◆ **Data supplied**
——
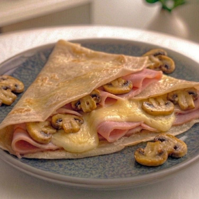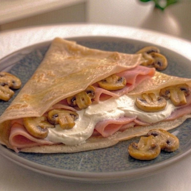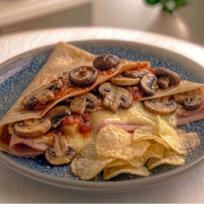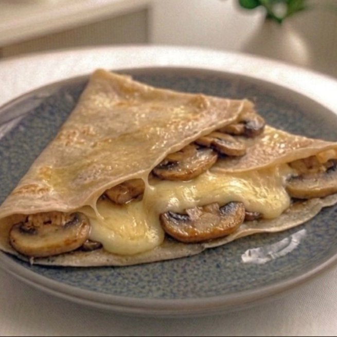 Deliciosa Crepa rellena de Queso Manchego y Champiñones
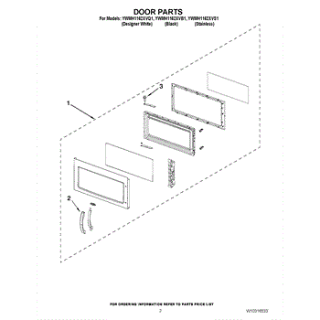 This white microwave door replaces a damaged or worn outer door assembly to restore appearance and safe operation. It provides the exterior panel and handle mounting surface for a finished cabinet look. What it does:
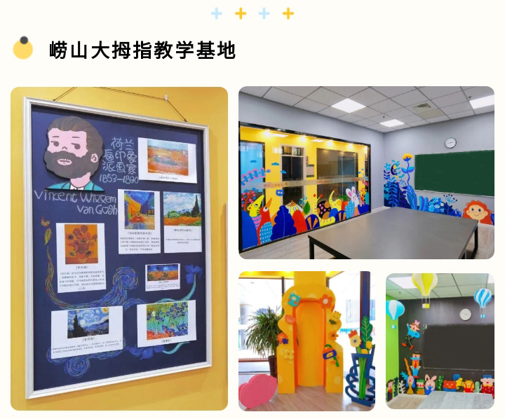 嶗山大拇指校區(qū)整體色調采用高飽和度的顏色,在幾個重要節(jié)點設置打卡拍照區(qū)、名人畫家區(qū)、藝術作品展示區(qū)、藝術角等,提高校區(qū)藝術氛圍,使來上課的老學員擁有一個更具藝術氛圍的學習環(huán)境。
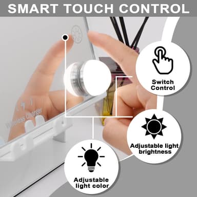 VANITII Toalettspeil med lys Bluetooth trådlading bord metall hvit 25x30 cm
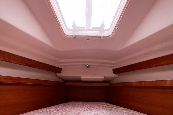 The aft cabin has a door from the salon and stand up head room as you step in. There is plenty of storage space and ventilation from a large hatch.
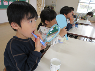 給食後、各クラス歯ブラシチェックも行いました!
——
◆ **Work to complete**
Only the lines from the one containing "The aft cabin" through the last line of the material are to be restated word for word; no picture is to be included.

◆ **Reply to the exercise**
 The aft cabin has a door from the salon and stand up head room as you step in. There is plenty of storage space and ventilation from a large hatch.
 給食後、各クラス歯ブラシチェックも行いました!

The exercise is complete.